I'd like the full listing transcribed exactly, with no images included.

START AVAILABLE DATA

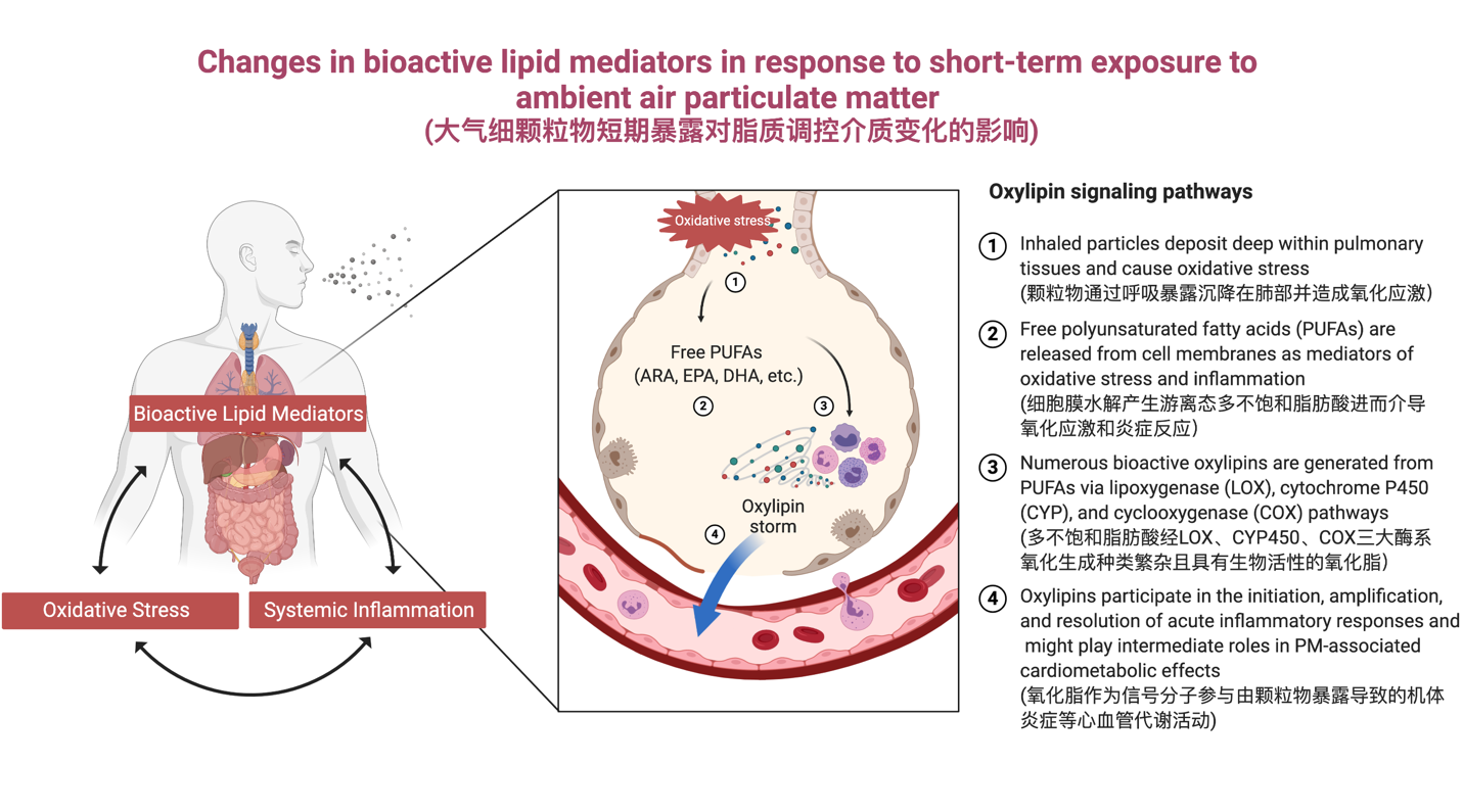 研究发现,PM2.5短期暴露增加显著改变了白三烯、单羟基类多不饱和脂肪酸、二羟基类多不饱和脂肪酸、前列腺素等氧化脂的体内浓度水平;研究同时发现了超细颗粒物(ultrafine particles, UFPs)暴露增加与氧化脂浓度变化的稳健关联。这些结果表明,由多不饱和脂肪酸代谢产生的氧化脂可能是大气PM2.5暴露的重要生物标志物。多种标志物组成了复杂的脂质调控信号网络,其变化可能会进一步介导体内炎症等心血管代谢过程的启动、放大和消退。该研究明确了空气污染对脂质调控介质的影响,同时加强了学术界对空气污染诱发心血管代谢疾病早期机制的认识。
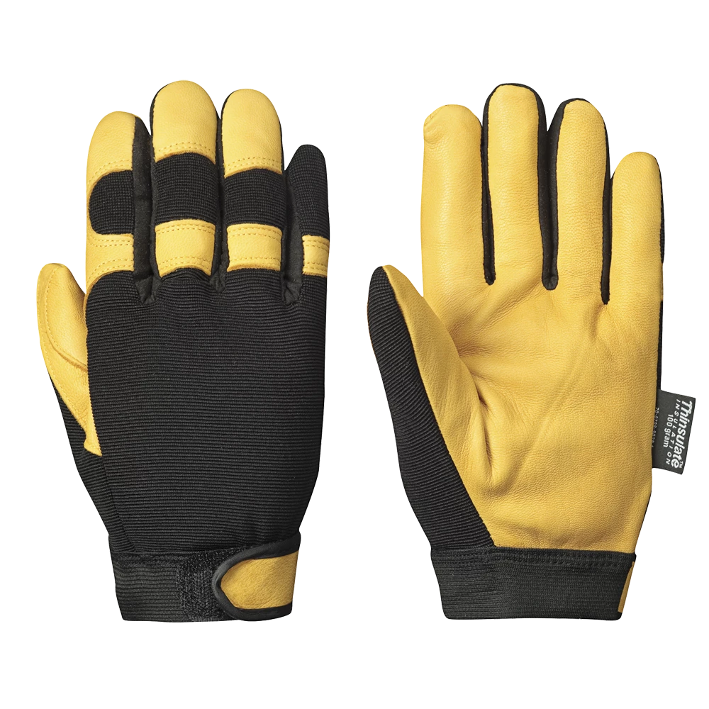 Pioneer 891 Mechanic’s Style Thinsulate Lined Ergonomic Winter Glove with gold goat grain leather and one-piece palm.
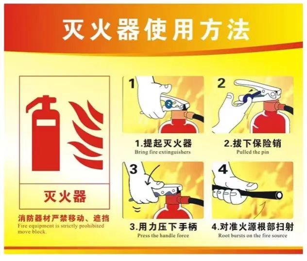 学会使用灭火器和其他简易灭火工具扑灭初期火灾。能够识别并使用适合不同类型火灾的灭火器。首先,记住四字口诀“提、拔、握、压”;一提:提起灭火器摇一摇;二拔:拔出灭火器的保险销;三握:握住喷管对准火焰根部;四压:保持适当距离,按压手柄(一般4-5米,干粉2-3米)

END AVAILABLE DATA

▸ EXERCISE OUTPUT
 研究发现,PM2.5短期暴露增加显著改变了白三烯、单羟基类多不饱和脂肪酸、二羟基类多不饱和脂肪酸、前列腺素等氧化脂的体内浓度水平;研究同时发现了超细颗粒物(ultrafine particles, UFPs)暴露增加与氧化脂浓度变化的稳健关联。这些结果表明,由多不饱和脂肪酸代谢产生的氧化脂可能是大气PM2.5暴露的重要生物标志物。多种标志物组成了复杂的脂质调控信号网络,其变化可能会进一步介导体内炎症等心血管代谢过程的启动、放大和消退。该研究明确了空气污染对脂质调控介质的影响,同时加强了学术界对空气污染诱发心血管代谢疾病早期机制的认识。
 Pioneer 891 Mechanic’s Style Thinsulate Lined Ergonomic Winter Glove with gold goat grain leather and one-piece palm.
 学会使用灭火器和其他简易灭火工具扑灭初期火灾。能够识别并使用适合不同类型火灾的灭火器。首先,记住四字口诀“提、拔、握、压”;一提:提起灭火器摇一摇;二拔:拔出灭火器的保险销;三握:握住喷管对准火焰根部;四压:保持适当距离,按压手柄(一般4-5米,干粉2-3米)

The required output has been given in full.